Ryan: Yeah, that’s that’s something that I mean, don’t we, you know, at least a Databand when we talk to customers, they have a mixture of a lot of this stuff. It’s traditionally ETL, but outside of ETL, the main one that they are experimenting with or is they’re they’re doing right now is the streaming and event based stuff like. Yeah, the matter of the word Kafka.
Jessie: Yes, Kafka is the major player in that space. Right.
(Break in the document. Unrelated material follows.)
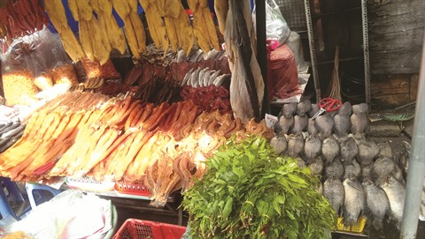 Au marché, les poissons sont rois, et on les retrouve suspendus sur les devants de nombreux stands. Chacun a sa salaison spécifique, et emprunte une caractéristique de la culture cambodgienne. On y retrouve des poissons-chats qui peuvent mesurer plus d’un demi-mètre, reconnaissables à leurs couleurs orangées criardes, de même que le danio moustachu.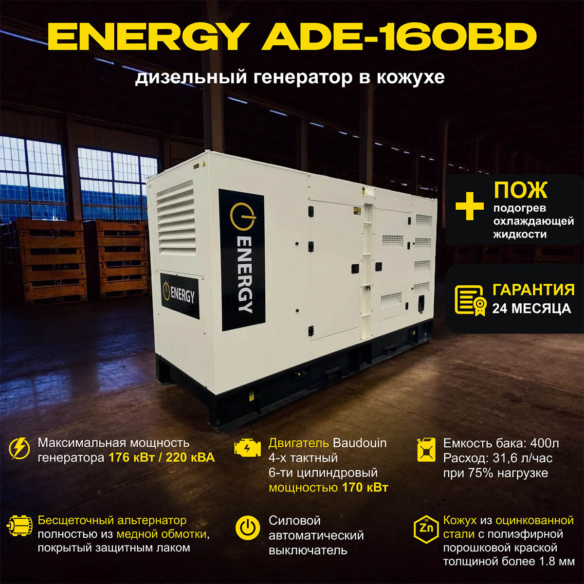 Дизельный генератор ENERGY ADE-160BD в кожухе мощностью 160 кВт / 200 кВа вырабатывает переменный ток напряжением промышленной частоты. Назначение — обеспечение электропитания объектов с низким и средним потреблением энергии — загородных домов, автомастерских, магазинов, кафе, школ, больниц, строительных объектов, ферм. Мобильность установки позволяет использовать ДГУ в роли передвижной электростанции, установив на кузов автомобиля, прицеп трактора или шасси.

Ryan: But again, too, like it’s they’re they’re even talking about it as a lot of times are talking about as they started doing it for a brand new product or a brand new area of the business versus trying to replace their current ETL processes. Like eventually they’ll get there, you would think. But they understand, just like you said, you understand like that’s a big, big task to do and to reconfigure everything. Probably a lot of technical debt that you have to you know, there’s a lot of stuff that you’d have to do to get into line. So I like what you said about just, hey, look for opportunity. Opportunities, experiment on these things and not get so, you know, you know, you say blind sided or tunnel vision with something you’re just familiar with, right? I mean, that’s that’s kind of a common thing, right? Even. And that goes across all disciplines, right? It’s like you have this product marketing framework, you’re going in there and you’ve used it for the past five years to maybe test something else out, you know, for a new product launch, maybe, you know, same thing.
Jessie: Yeah. New workflows are definitely the easiest place and best place to to try out new things. Right, because there’s no technical debt that you’re carrying with it. I mean, you might have your own technical doubt in the sense of like not having the skill on the new tool or the new technology. But that’s a point in time statement, right? Just got to sit down and learn the new thing and then apply that to whatever you’re working on.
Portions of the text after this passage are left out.